Work instructions:
Below are some records. Reproduce them exactly from their first line through the line with "Kleinoszi mit Akkubetrieb, 1", inclusive.

Data section:
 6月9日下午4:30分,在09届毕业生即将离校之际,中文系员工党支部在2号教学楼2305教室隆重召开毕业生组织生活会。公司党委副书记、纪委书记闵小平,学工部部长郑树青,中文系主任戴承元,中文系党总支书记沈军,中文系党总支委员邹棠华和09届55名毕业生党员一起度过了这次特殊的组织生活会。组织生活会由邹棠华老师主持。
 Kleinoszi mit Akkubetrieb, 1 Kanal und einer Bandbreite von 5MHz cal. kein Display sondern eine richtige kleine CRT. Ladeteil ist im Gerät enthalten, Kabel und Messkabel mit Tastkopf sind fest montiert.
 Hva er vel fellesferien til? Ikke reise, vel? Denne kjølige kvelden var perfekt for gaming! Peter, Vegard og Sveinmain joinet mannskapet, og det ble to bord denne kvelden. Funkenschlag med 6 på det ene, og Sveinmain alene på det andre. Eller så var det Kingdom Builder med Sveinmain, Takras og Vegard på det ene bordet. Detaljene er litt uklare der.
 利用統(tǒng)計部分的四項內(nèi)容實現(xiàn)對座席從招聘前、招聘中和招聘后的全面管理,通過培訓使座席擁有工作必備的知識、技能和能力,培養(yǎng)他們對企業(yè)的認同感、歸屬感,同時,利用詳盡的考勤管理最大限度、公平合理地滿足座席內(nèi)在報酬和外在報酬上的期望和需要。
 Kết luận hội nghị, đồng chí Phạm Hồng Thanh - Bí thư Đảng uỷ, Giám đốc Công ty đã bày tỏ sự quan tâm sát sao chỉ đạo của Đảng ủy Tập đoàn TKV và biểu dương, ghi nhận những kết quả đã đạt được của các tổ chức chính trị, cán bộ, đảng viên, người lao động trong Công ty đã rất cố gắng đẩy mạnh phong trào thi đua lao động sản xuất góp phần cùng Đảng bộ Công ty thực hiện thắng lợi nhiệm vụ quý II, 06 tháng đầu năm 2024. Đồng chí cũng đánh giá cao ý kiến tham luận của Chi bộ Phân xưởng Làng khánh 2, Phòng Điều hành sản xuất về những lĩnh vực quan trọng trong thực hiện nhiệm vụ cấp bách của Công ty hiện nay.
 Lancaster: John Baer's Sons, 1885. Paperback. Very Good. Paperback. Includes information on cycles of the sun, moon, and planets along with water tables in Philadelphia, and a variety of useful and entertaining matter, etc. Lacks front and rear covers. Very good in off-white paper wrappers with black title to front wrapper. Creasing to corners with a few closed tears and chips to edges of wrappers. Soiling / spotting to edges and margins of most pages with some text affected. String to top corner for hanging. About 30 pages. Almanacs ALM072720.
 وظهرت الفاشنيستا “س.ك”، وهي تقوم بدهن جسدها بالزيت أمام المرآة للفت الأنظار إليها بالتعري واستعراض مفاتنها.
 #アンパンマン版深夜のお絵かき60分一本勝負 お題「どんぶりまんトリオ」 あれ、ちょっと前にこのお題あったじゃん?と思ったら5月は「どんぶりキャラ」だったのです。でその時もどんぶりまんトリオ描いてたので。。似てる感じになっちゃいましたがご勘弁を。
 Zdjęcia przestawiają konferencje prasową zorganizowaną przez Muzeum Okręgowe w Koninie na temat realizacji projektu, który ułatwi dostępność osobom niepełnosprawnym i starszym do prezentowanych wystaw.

Answer box:
 6月9日下午4:30分,在09届毕业生即将离校之际,中文系员工党支部在2号教学楼2305教室隆重召开毕业生组织生活会。公司党委副书记、纪委书记闵小平,学工部部长郑树青,中文系主任戴承元,中文系党总支书记沈军,中文系党总支委员邹棠华和09届55名毕业生党员一起度过了这次特殊的组织生活会。组织生活会由邹棠华老师主持。
 Kleinoszi mit Akkubetrieb, 1 Kanal und einer Bandbreite von 5MHz cal. kein Display sondern eine richtige kleine CRT. Ladeteil ist im Gerät enthalten, Kabel und Messkabel mit Tastkopf sind fest montiert.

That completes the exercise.